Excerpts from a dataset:
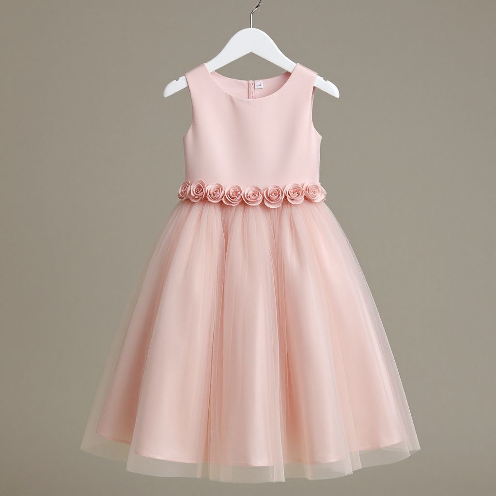 Elegant pink tulle flower girl dress featuring a round neckline, rose embellishments at the bodice, and a flowing A-line silhouette, elegantly displayed on a white hanger against a neutral background.
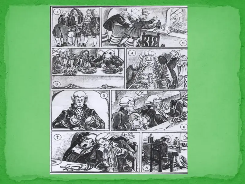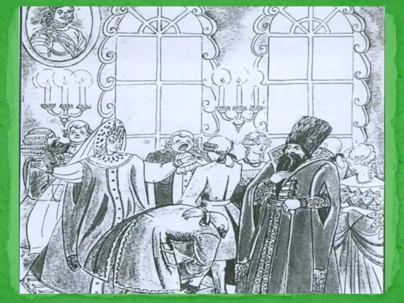 Учитель истории: далее Петр излагал в указе основные принципы и особенности проведения Ассамблеи, которые вы сможете определить самостоятельно, просмотрев отрывок из художественного фильма. Внимание на экран. Слайд 22 (Видеоролики слайдов №22 и №24 можно получить у авторов статьи). (европейское платье, прически, парики, танцы, угощение, присутствие женщин, веселье, игры).
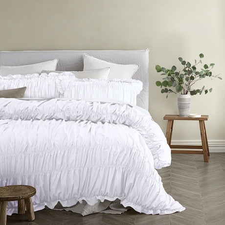 Vintage Design Homewares Haven White Washed Cotton Ruched Quilt Cover Set King
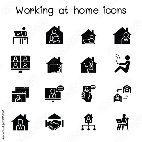 © Puckung, Fototapeta premium Working at home icons set in thin line style
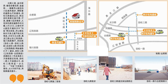 ????市民張女士家住高科園北側(cè)北國之春小區(qū),她經(jīng)常要到直線距離大概500米的朋友家去,她朋友家在遼陽西路。由于門口通往遼陽西路的道路還沒開通,她每次不得不繞行海爾路。
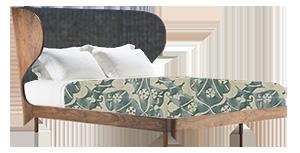 » CUSTOM UPHOLSTERED HEADBOARD IN WALNUT/CANVAS

• Instructions for the task:
Produce an exact reprint of the entries, dropping the images.

• Task solution:
 Elegant pink tulle flower girl dress featuring a round neckline, rose embellishments at the bodice, and a flowing A-line silhouette, elegantly displayed on a white hanger against a neutral background.
 Учитель истории: далее Петр излагал в указе основные принципы и особенности проведения Ассамблеи, которые вы сможете определить самостоятельно, просмотрев отрывок из художественного фильма. Внимание на экран. Слайд 22 (Видеоролики слайдов №22 и №24 можно получить у авторов статьи). (европейское платье, прически, парики, танцы, угощение, присутствие женщин, веселье, игры).
 Vintage Design Homewares Haven White Washed Cotton Ruched Quilt Cover Set King
 © Puckung, Fototapeta premium Working at home icons set in thin line style
 ????市民張女士家住高科園北側(cè)北國之春小區(qū),她經(jīng)常要到直線距離大概500米的朋友家去,她朋友家在遼陽西路。由于門口通往遼陽西路的道路還沒開通,她每次不得不繞行海爾路。
 » CUSTOM UPHOLSTERED HEADBOARD IN WALNUT/CANVAS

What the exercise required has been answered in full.